• Work task
Exact copy, pictures excluded: please retype the lines from the start of the material through the line containing "一层的平面是「曲尺型」的布局", both ends included, and nothing more.

• Data shown
***
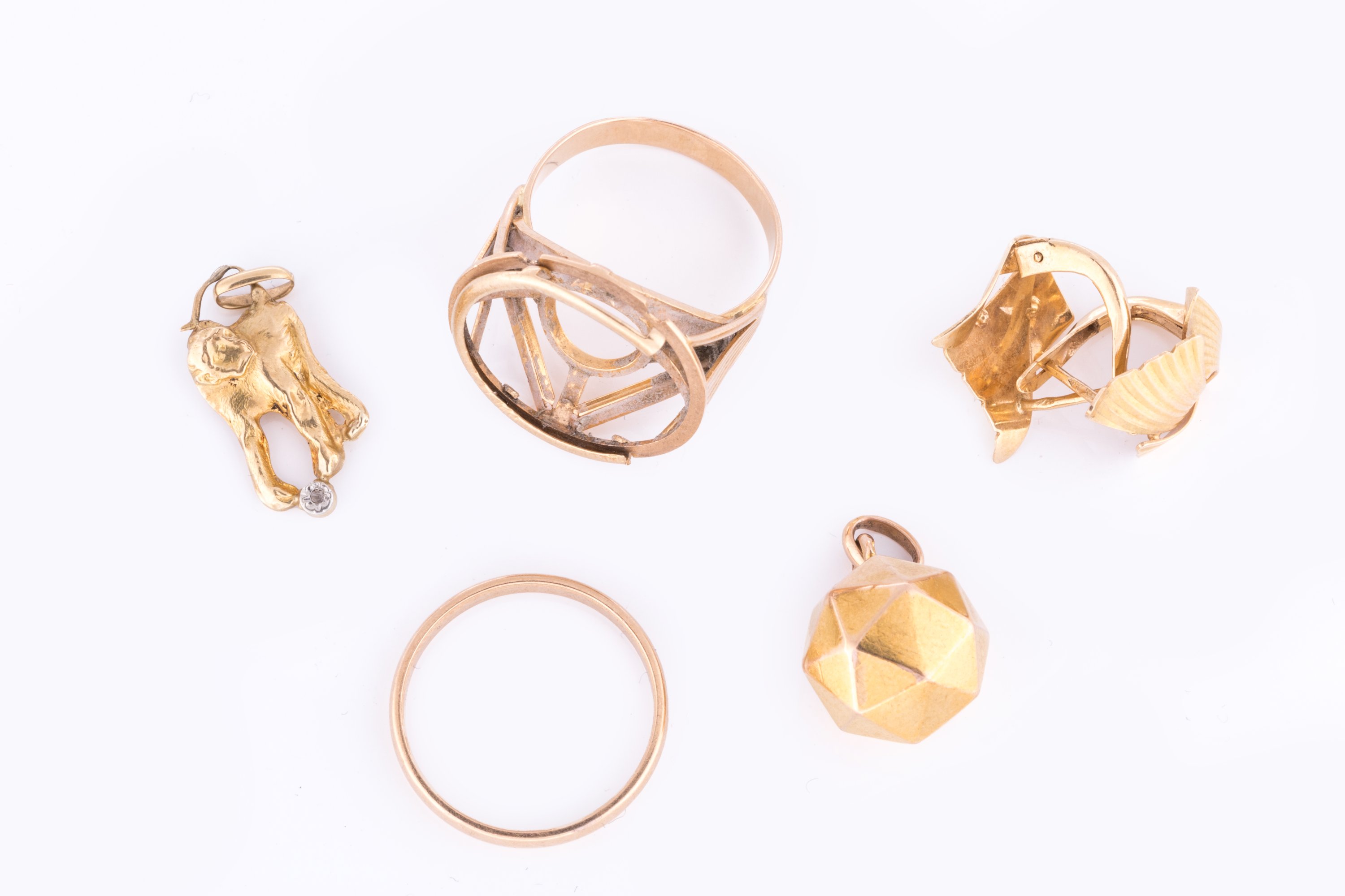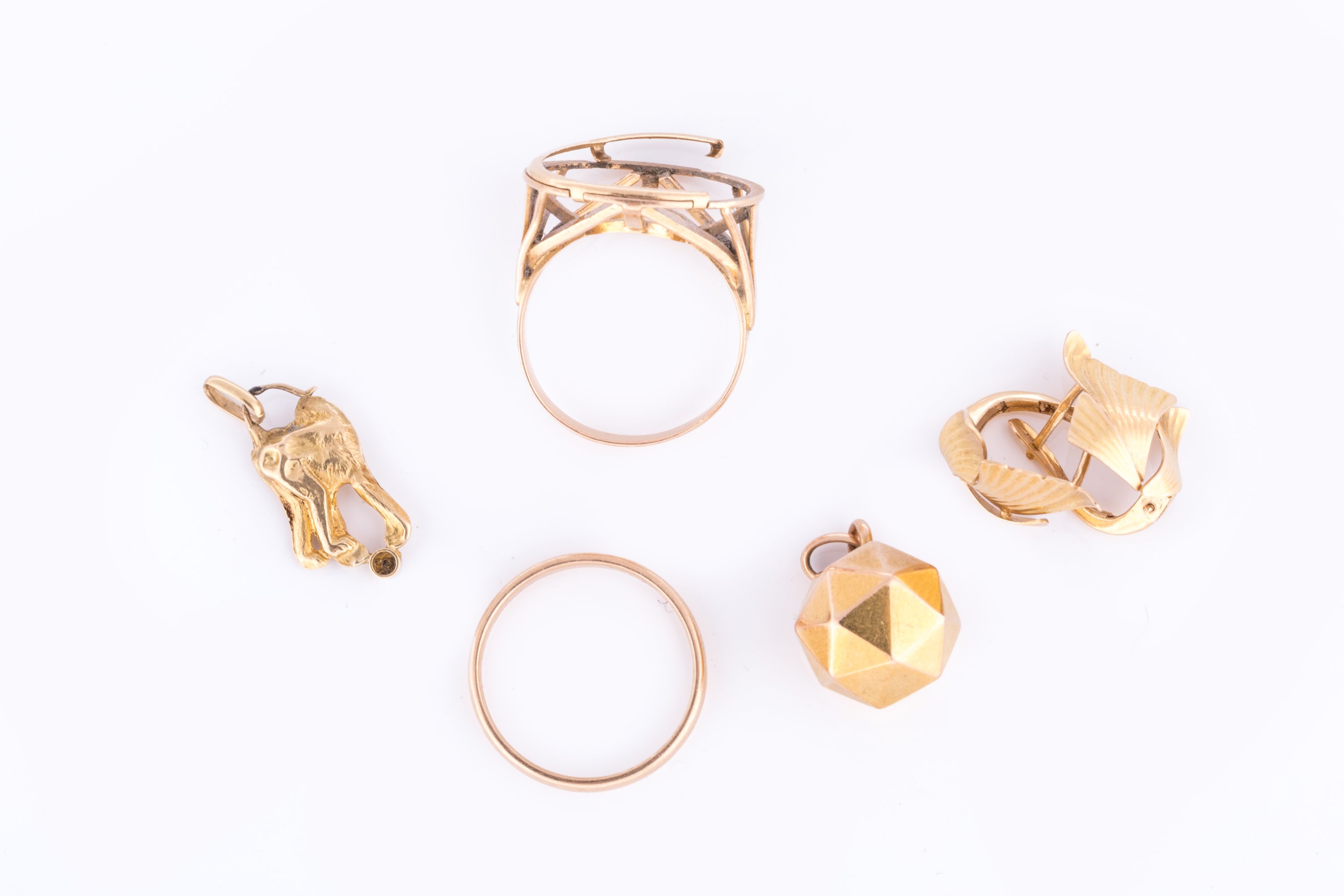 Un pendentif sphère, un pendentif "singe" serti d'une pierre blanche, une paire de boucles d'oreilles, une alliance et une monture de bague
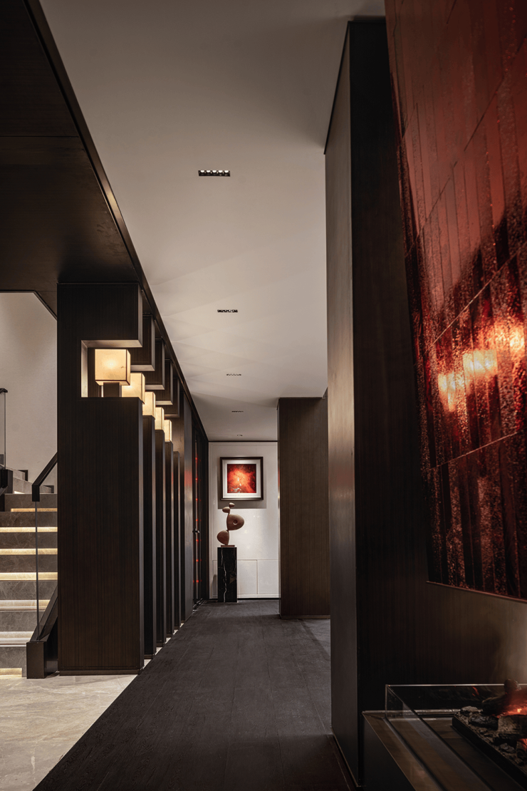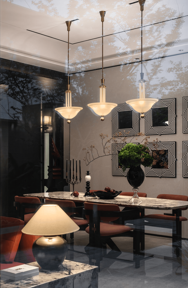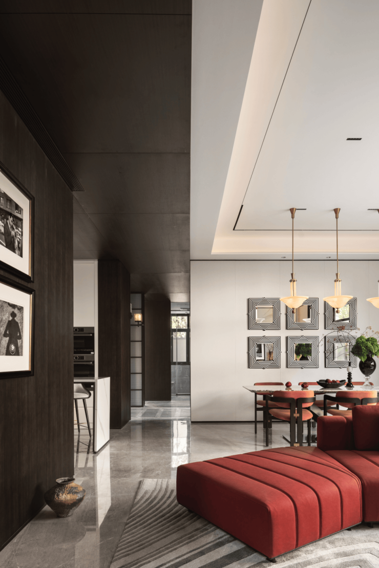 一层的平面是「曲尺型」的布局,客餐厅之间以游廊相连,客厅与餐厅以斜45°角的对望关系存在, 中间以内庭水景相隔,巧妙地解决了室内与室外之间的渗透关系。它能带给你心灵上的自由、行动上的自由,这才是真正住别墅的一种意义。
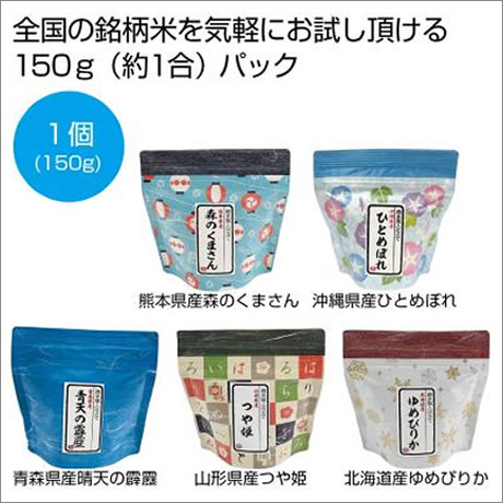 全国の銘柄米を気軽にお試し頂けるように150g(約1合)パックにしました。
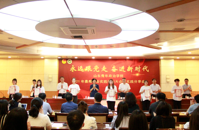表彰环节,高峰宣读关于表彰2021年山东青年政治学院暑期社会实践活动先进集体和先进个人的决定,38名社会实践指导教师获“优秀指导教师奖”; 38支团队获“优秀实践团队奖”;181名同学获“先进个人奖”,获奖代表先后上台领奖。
***
• Problem solution
 Un pendentif sphère, un pendentif "singe" serti d'une pierre blanche, une paire de boucles d'oreilles, une alliance et une monture de bague
 一层的平面是「曲尺型」的布局,客餐厅之间以游廊相连,客厅与餐厅以斜45°角的对望关系存在, 中间以内庭水景相隔,巧妙地解决了室内与室外之间的渗透关系。它能带给你心灵上的自由、行动上的自由,这才是真正住别墅的一种意义。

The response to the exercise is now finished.